Validation	Select the appropriate option from the drop-down list to verify your digit sequence: None: The default option. The caller's digit sequence will not go through any validation. Minimum and Maximum # of digits: The Min and Max fields appear. The caller's digit sequence must fall within the expected input length. If the digit sequence is expected to be an exact length (e.g., only 5-digit values are expected), enter that number in both the Min and Max field. Minimum and Maximum Value: The Min and Max fields appear. The caller's digit sequence must fall within the expected value range. The minimum value accepted in the Min field is "0" and the maximum value accepted in the Max field is "99999999999999999999". Depending on which Validation option you select, the caller's digit sequence will go through the appropriate check behind the scenes to verify if it is acceptable (success path) or unacceptable (failure path). Note: This field only appears if the "Digit Sequence" option is selected from the Input Type drop-down list. The Min and Max fields can contain digits or variables and are inclusive (e.g., if your Min is 4 and your Max is 8, 4-digit and 8 digit responses will be successful).
Max Attempts	Enter the appropriate number of retries a caller has to provide a response (1-10). Note: This field only appears when the Enhanced Error Handling toggle is "on".

Configure Audio

Click Configure Audio to build your audio options.

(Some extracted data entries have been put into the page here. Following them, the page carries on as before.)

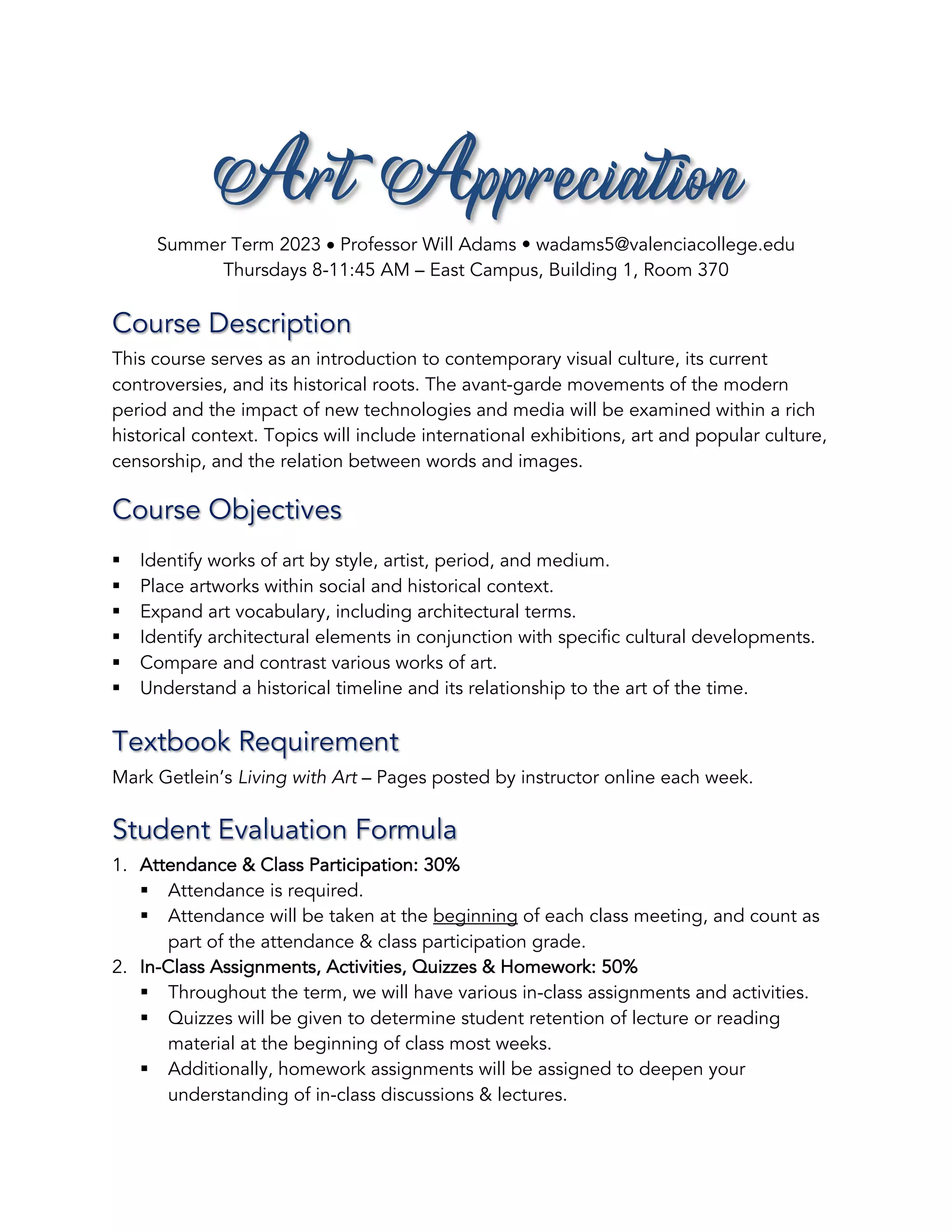 This course is an introduction to contemporary visual culture and its historical roots. It will examine modern art movements and the impact of new technologies on art. Topics include international exhibitions, art and popular culture, and the relationship between images and words. Students will learn to identify artworks by style, artist, period and medium, and place them in social and historical context. Evaluation will be based on class participation, assignments, quizzes, a final exam, and a reaction paper about a cultural event. The course meets on Thursdays and includes lectures, activities, and assignments.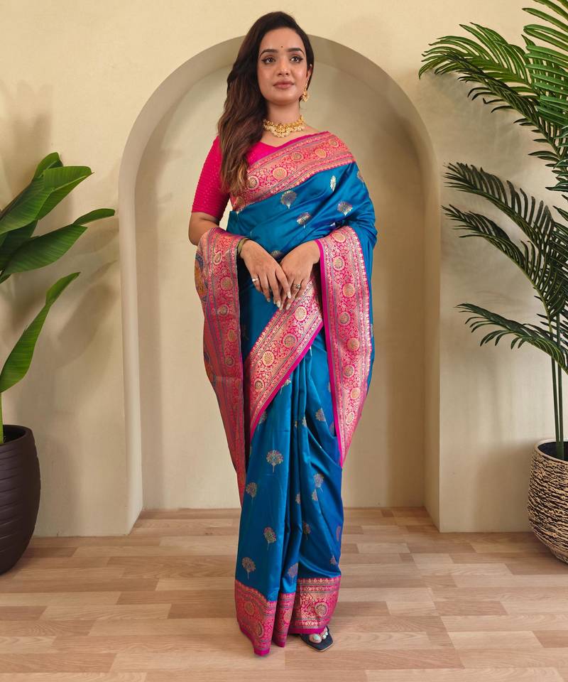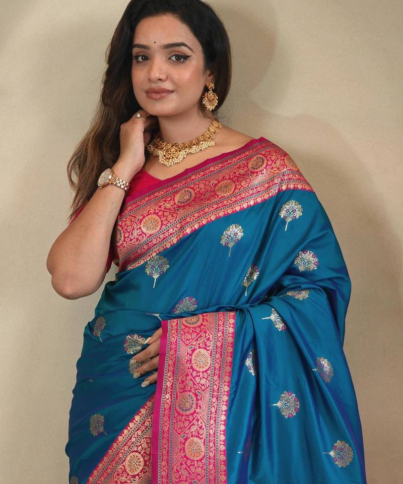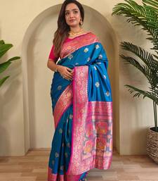 Teal art silk woven saree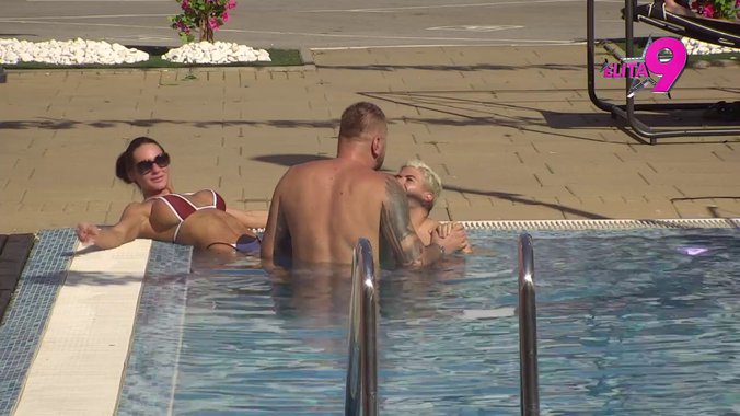 Marko Janjušević Janjuš uživao je sa Dušicom Đokić u bazenu, a njihov idiličan prizor rešio je da pokvari Uroš Stanić, koji mu je prišao s leđa i našalio s njim.
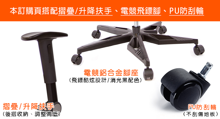 本訂購頁規格:摺疊升降扶手、電競飛鏢黑鋁腳、PU防刮滑輪
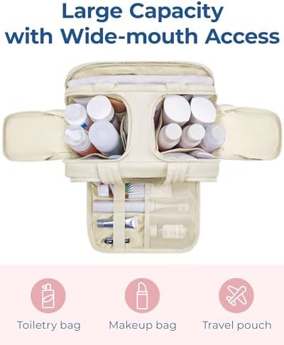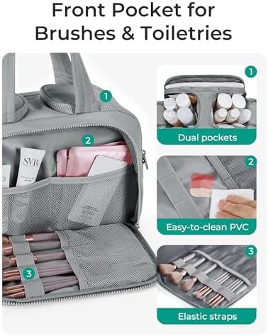 EASY ACCESS & UTIGHT STAND – Vollständiger Auffallungsraum ohne Ablagerung, um auf Gegenstände schneller zuzugreifen. Der Dufflesack mit doppelseitigem, vollständig offenem Design stellt Kosmetikkannen und Toilettengegenstände in der Mitte aufrecht und vermeidet during Transport Spuren.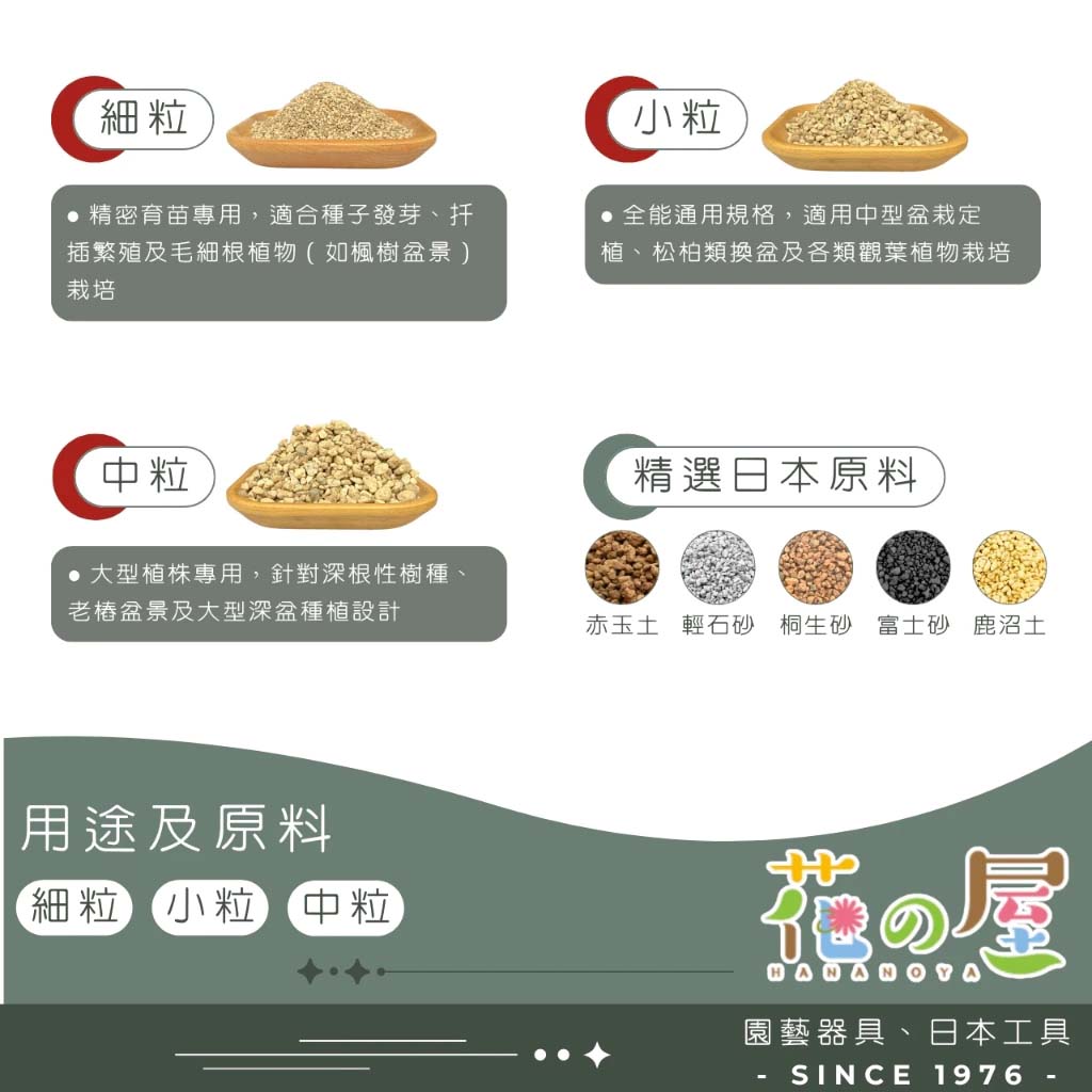 日本原包裝進口,為專為盆栽種植調製之高級土壤,由燒成赤玉土、燒成輕石、硬質鹿沼土、富士砂、桐生砂等高級栽培介質按最佳比例調製而成,種植後土壤不易粉碎,能使植物根部最佳的健全發育,通氣性、排水性、保水性皆良好,是盆景與盆栽根部發育必備之土壤。最適合松樹類、柏樹類、木本植物等盆景與盆栽使用。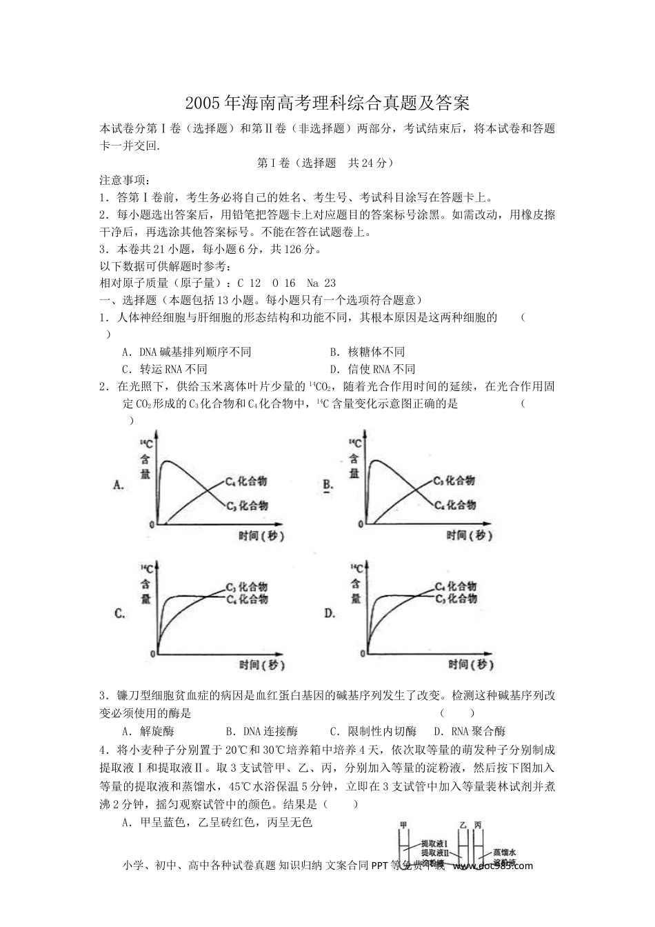 2005年海南高考理科综合真题及答案本试卷分第Ⅰ卷(选择题)和第Ⅱ卷(非选择题)两部分,考试结束后,将本试卷和答题卡一并交回.第I卷(选择题共24分)注意事项:1.答第Ⅰ卷前,考生务必将自己的姓名、考生号、考试科目涂写在答题卡上。2.每小题选出答案后,用铅笔把答题卡上对应题目的答案标号涂黑。如需改动,用橡皮擦干净后,再选涂其他答案标号。不能在答在试题卷上。3.本卷共21小题,每小题6分,共126分。以下数据可供解题时参考:相对原子质量(原子量):C12O16Na23一、选择题(本题包括13小题。每小题只有一个选项符合题意)1.人体神经细胞与肝细胞的形态结构和功能不同,其根本原因是这两种细胞的()A.DNA碱基排列顺序不同B.核糖体不同C.转运RNA不同D.信使RNA不同2.在光照下,供给玉米离体叶片少量的14CO2,随着光合作用时间的延续,在光合作用固定CO2形成的C3化合物和C4化合物中,14C含量变化示意图正确的是()3.镰刀型细胞贫血症的病因是血红蛋白基因的碱基序列发生了改变。检测这种碱基序列改变必须使用的酶是()A.解旋酶B.DNA连接酶C.限制性内切酶D.RNA聚合酶4.将小麦种子分别置于20℃和30℃培养箱中培养4天,依次取等量的萌发种子分别制成提取液Ⅰ和提取液Ⅱ。取3支试管甲、乙、丙,分别加入等量的淀粉液,然后按下图加入等量的提取液和蒸馏水,45℃水浴保温5分钟,立即在3支试管中加入等量裴林试剂并煮沸2分钟,摇匀观察试管中的颜色。结果是()A.甲呈蓝色,乙呈砖红色,丙呈无色小学、初中、高中各种试卷真题知识归纳文案合同PPT等免费下载www.doc985.comB.甲呈无色,乙呈砖红色,丙呈蓝色C.甲、乙皆呈蓝色,丙呈砖红色D.甲呈浅砖红色,乙呈砖红色,丙呈蓝色5.为了保护鱼类资源不受破坏,并能持续地获得量大捕鱼量,根据种群增长的S型曲线,应使被捕鱼群的种群数量保持在K/2水平。这是因为在这个水平上()A.种群数量相对稳定B.种群增长量最大C.种群数量最大D.环境条件所允许的种群数量最大6.下列分子中所有原子都满足最外层为8电子结构的是()A.BF3B.H2OC.SiCl4D.PCl57.等物质的量的主族金属A、B、C分别与足量的稀盐酸反应,所得氢气的体积依次为VA、VB、VC,已知VB=2VC,且VA=VB+VC,则在C的生成物中,该金属元素的化合价为()A.+1B.+2C.+3D.+48.已知Q与R的摩尔质量之比为9:22,在反应X+2Y=2Q+R中,当1.6gX与Y完全反应后,生成4.4gR,则参与反应的Y和生成物Q的质量之比为()A.46:9B.32:9C.23:9D.16:99.下列说法中正确的是()A.非金属元素呈现的最高化合价不超过该元素原子的最外层电子数B.非金属元素呈现的最低化合价,其绝对值等于该元素原子的最外层电子数C.最外层有2个电子的原子都是金属原子D.最外层有5个电子的原子都是非金属原子10.在pH=1的溶液中,可以大量共存的离子是()A.K+、Na+、SO42—、S2O32—B.NH4+、Mg2+、SO42—、Cl—C.Na+、K+、HCO3—、Cl—D.K+、Na+、AlO2—、NO3—11.关于电解NaCl水溶液,下列叙述正确的是()A.电解时在阳极得到氯气,在阴极得到金属钠B.若在阳极附近的溶液中滴入KI溶液,溶液呈棕色C.若在阴极附近的溶液中滴入酚酞试液,溶液呈无色D.电解一段时间后,将全部电解液转移到烧杯中,充分搅拌后溶液呈中性12.右图是温度和压强对X+Y2Z反应影响的示意图。图中横坐标表示温度,纵坐标表示平衡混合气体中Z的体积分数。下列叙述正确的是()A.上述可逆反应的正反应为放热反应B.X、Y、Z均为气态C.X和Y中只有一种为气态,Z为气态D.上述反应的逆反应的△H>013.已知充分燃烧ag乙炔气体时生成1mol二氧化碳气体和液态水,并放出热量bkJ,则乙炔燃烧的热化学方小学、初中、高中各种试卷真题知识归纳文案合同PPT等免费下载www.doc985.com程式正确的是()A.2C2H2(g)+5O2(g)4CO2(g)+2H2O(l);△H=-4bkJ/molB.C2H2(g)+O2(g)2CO2(g)+H2O(l);△H=2bkJ/molC.2C2H2(g)+5O2(g)4CO2(g)+2H2O(l);△H=-2bkJ/molD.2C2H2(g)+5O2(g)4CO2(g)+2H2O(l);△H=bkJ/mol二、选择题(本题包括8小题。每小题给出的四个选项中,有的只有一个选项...
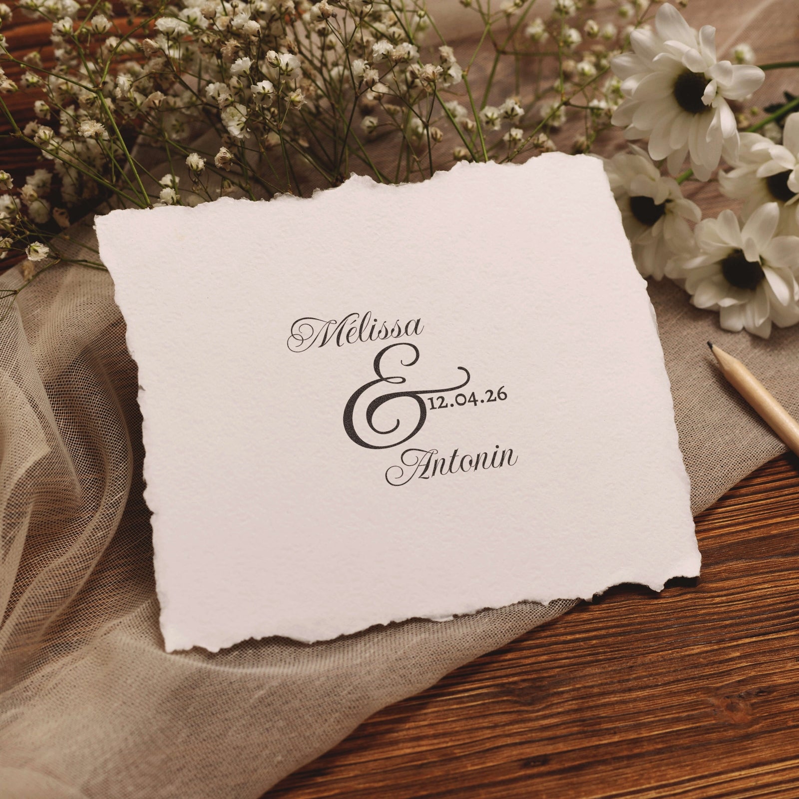 Personnalisez vos livres et documents avec ce modèle de tampon au motif typographique élégant, associant vos deux noms en calligraphie cursive avec une esperluette stylisée et votre date mémorable.
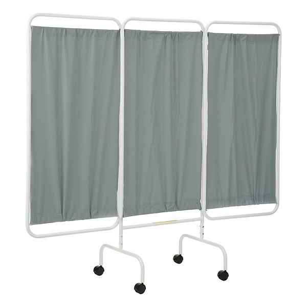 Privacy Screen, Number of Panels 3, Screen Color Green, Screen Material Flame Retardant Antimicrobial Vinyl, Overall Height 69 in, Frame Material Steel, Overall Width 81 in, Panel Height 55 in, Panel Width 27 in, Frame Color White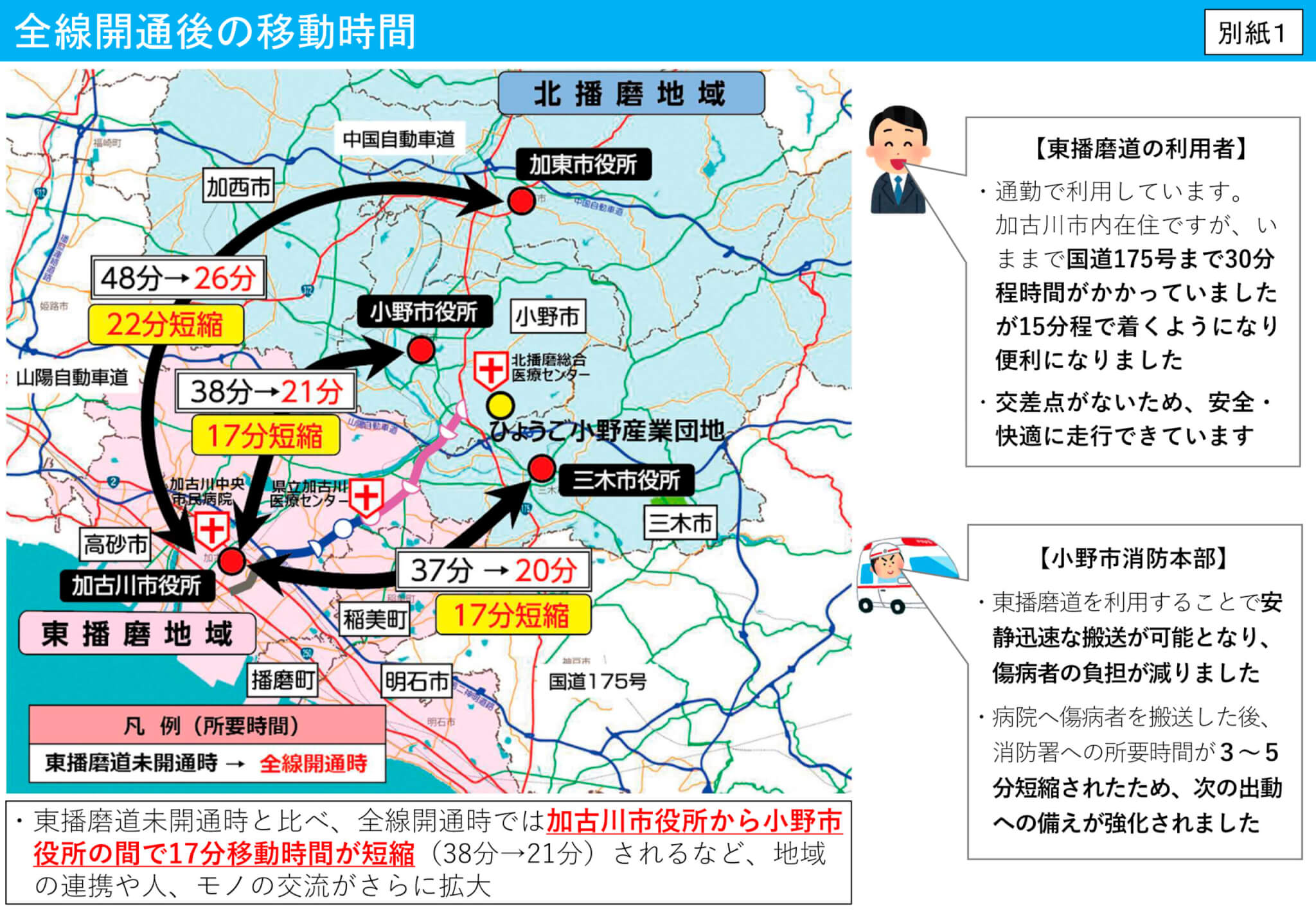 • 加古川市役所 〜 小野市役所:38分 → 21分(17分短縮)

Audio Text (TTS): Use your default Text-to-Speech settings or select your preferred vendor and voice. Then type your message into the text box and click the blue “+” sign.
Audio Library: Add new or drag and drop existing audio files from the library.

For more information, see Configure Audio Settings.

Variables

Press or Say creates two variables that contain the caller’s response (either DTMF digits or transcription of their speech) and can be used downstream in your flow:

$DTMFv2_#.input: A translation of the caller's response to what your menu is looking for.
$DTMFv2_#.input_raw: The caller's exact response. You might prefer to use this variable if your caller's response is something more complicated (like complex product names) where a translation would yield worse results.

Note: # is a placeholder for the action ID associated with the Press or Say action. The action ID depends on the order you add actions to your flow (e.g., if Press or Say was the ninth action you added to your flow the variables would be $DTMFv2_9.input and $DTMFv2_9.input_raw).

Press or Say caller responses are saved as text. If you would like to use an audio file response downstream, we recommend using the Record Response action. A Switch action downstream in your flow can be used to route the flow based on the contents of the variable.

Check out How to Use Variables in SmartFlows for more information about using variables in your flow.

Action

Each Press or Say action includes three exit ports corresponding to the following outcomes:

On Success: The course of the flow if the caller's input is successfully collected (port 1)
On Timeout: The course of the flow if the caller doesn't provide input before the timeout period elapses (port 2)
On Failure: The course of the flow if the caller's input is not collected (port 3)

An action should be connected to each of the exit ports and the port order cannot be rearranged.